> _What you are asked to do_
Below are entries. Copy exactly the lines running from the line that holds "Made from natural" to the line that holds "참조가 가능하다. (호이스팅)", with both ends included.
= = =
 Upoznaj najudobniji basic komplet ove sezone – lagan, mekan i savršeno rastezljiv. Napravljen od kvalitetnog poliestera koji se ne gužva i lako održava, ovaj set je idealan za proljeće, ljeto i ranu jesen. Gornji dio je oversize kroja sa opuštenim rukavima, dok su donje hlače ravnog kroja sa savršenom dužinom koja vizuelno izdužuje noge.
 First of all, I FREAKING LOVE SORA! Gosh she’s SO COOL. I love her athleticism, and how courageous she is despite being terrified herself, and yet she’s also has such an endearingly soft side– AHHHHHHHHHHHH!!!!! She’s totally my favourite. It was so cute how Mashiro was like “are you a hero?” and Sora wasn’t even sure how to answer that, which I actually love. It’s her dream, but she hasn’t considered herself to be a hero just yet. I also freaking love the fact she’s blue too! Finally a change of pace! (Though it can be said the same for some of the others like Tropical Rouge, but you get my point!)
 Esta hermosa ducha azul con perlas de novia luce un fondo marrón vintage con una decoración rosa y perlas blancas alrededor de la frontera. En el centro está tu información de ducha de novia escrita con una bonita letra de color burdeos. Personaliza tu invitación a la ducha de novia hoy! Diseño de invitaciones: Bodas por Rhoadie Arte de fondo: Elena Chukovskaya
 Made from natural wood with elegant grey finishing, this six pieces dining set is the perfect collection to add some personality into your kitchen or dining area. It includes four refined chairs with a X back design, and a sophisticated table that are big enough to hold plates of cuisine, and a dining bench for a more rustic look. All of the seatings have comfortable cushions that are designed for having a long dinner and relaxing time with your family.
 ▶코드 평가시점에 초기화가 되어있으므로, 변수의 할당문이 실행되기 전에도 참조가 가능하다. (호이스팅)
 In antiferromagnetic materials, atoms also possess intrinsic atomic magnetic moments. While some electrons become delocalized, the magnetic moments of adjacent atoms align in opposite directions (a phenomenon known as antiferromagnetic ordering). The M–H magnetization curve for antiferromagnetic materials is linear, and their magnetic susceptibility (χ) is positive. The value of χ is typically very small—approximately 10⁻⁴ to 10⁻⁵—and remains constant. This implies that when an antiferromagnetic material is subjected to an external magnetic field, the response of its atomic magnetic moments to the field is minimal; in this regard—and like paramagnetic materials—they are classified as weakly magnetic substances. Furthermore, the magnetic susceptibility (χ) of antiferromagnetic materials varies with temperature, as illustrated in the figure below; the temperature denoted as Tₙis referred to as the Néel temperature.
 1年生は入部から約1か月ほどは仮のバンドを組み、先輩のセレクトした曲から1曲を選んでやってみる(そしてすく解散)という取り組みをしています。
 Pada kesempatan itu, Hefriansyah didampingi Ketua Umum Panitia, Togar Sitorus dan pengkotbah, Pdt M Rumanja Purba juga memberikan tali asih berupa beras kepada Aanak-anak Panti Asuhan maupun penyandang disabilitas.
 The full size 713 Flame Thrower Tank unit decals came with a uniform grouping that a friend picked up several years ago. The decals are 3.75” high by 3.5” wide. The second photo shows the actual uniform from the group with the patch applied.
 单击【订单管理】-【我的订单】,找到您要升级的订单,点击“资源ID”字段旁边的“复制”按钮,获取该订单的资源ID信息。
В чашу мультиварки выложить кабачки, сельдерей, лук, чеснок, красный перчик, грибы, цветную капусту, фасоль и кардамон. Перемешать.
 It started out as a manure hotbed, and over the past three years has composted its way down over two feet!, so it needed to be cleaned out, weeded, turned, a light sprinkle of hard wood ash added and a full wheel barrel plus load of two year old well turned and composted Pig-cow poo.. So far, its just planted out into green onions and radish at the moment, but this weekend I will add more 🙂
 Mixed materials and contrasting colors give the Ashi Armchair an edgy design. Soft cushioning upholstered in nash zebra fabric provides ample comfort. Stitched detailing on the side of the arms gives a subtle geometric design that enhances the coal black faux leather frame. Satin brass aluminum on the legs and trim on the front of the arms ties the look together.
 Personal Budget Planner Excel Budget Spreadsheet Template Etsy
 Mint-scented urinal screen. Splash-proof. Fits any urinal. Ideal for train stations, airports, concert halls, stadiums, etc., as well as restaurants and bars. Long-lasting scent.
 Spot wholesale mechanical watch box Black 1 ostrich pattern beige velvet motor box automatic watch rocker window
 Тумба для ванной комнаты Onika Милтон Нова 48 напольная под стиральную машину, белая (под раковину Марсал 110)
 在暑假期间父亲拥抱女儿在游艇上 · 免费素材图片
= = =
> _Result of the exercise_
 Made from natural wood with elegant grey finishing, this six pieces dining set is the perfect collection to add some personality into your kitchen or dining area. It includes four refined chairs with a X back design, and a sophisticated table that are big enough to hold plates of cuisine, and a dining bench for a more rustic look. All of the seatings have comfortable cushions that are designed for having a long dinner and relaxing time with your family.
 ▶코드 평가시점에 초기화가 되어있으므로, 변수의 할당문이 실행되기 전에도 참조가 가능하다. (호이스팅)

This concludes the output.